- Born: Mark Duane Followill
- Occupation: Sportscaster
- Sports commentary career
- Sports: ACC; MLS; NBA;

= Mark Followill =

American sports announcer

Mark Duane Followill is an American sports announcer, covering basketball, soccer and football. He is currently the voice of the NBA's Dallas Mavericks on MavsTV (aired on WFAA/KFAA-TV) and secondary play-by-play announcer for NBA on NBC on NBC Sports along with Mike Tirico, Noah Eagle, Terry Gannon and Michael Grady.

== Career ==
Early in his career, Followill worked in various positions at KTCK The Ticket in Dallas including as host of The Ender. He still makes regular contributions to the station. He also had a stint at KTOK in Oklahoma City.

=== Basketball ===
Followill is the television play-by-play voice for the Dallas Mavericks, a position he's held since 2005. He and analyst Derek Harper won a Lone Star Emmy award in 2014 for their work on Mavericks broadcasts.

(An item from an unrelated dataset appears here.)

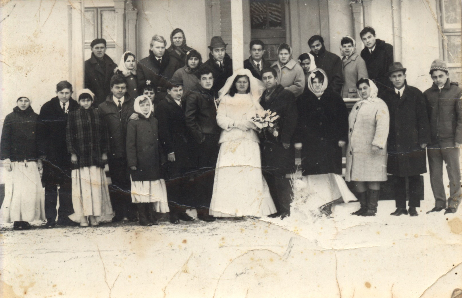 Nyilvános 1666 | 4027 | 1970-75 körül Baranyai Ibolya és Baranyai József esküvője - hátsó sor 3. Baranyai József 6. Csizmadia József, utolsó Horváth József. Első sor, a férjtől jobbra Horváth Rózsa, Horváth Istvánné, Horváth István és Horváth József. A kép a Kiskomáromi templom előtt készült. | |

Followill had previously been the radio play-by-play voice for the Mavericks on 103.3 ESPN Radio from 2001 to 2005. He won the Katie Award for Best Play-by-Play Sportscast in 2002 and the Texas Associated Press Award for Best Play-by-Play Broadcast in 2004 and 2005.

=== Soccer ===
Followill was previously the television play-by-play announcer for FC Dallas. In 2012, he began calling FCD games except when they conflicted with his responsibilities with the Mavericks. His work with FC Dallas gained the attention of Fox Sports, who named him as one of their announcers for Copa America Centenario. Later that summer, he was named as one of the announcers for NBC's coverage of soccer at the 2016 Summer Olympics. He returned to NBC for the Olympics in 2020 and 2024. In 2017, Fox named him part of their team covering that year's CONCACAF Gold Cup. He has also called UEFA Europa League, Bundesliga, MLS, FIFA U-17 World Cup, and FIFA U-20 World Cup action for Fox. He was also an announcer for the 2018 FIFA World Cup. After all MLS television broadcasts moved to Apple TV+, Followill joined the broadcasting team for MLS Season Pass in 2023.

=== Football ===
Followill also announces play-by-play action for college football telecasts for Fox Sports and Big Ten Network. Earlier in his career, he was the play-by-play announcer for the SMU football team.

== Personal life ==
Followill is a native of the Dallas–Fort Worth metroplex. He graduated from Northwest High School in Justin, Texas. He attended the University of North Texas but left to pursue his broadcasting career. In 2020, three years after resuming course work, he graduated from North Texas with a Bachelor of Applied Arts and Sciences degree.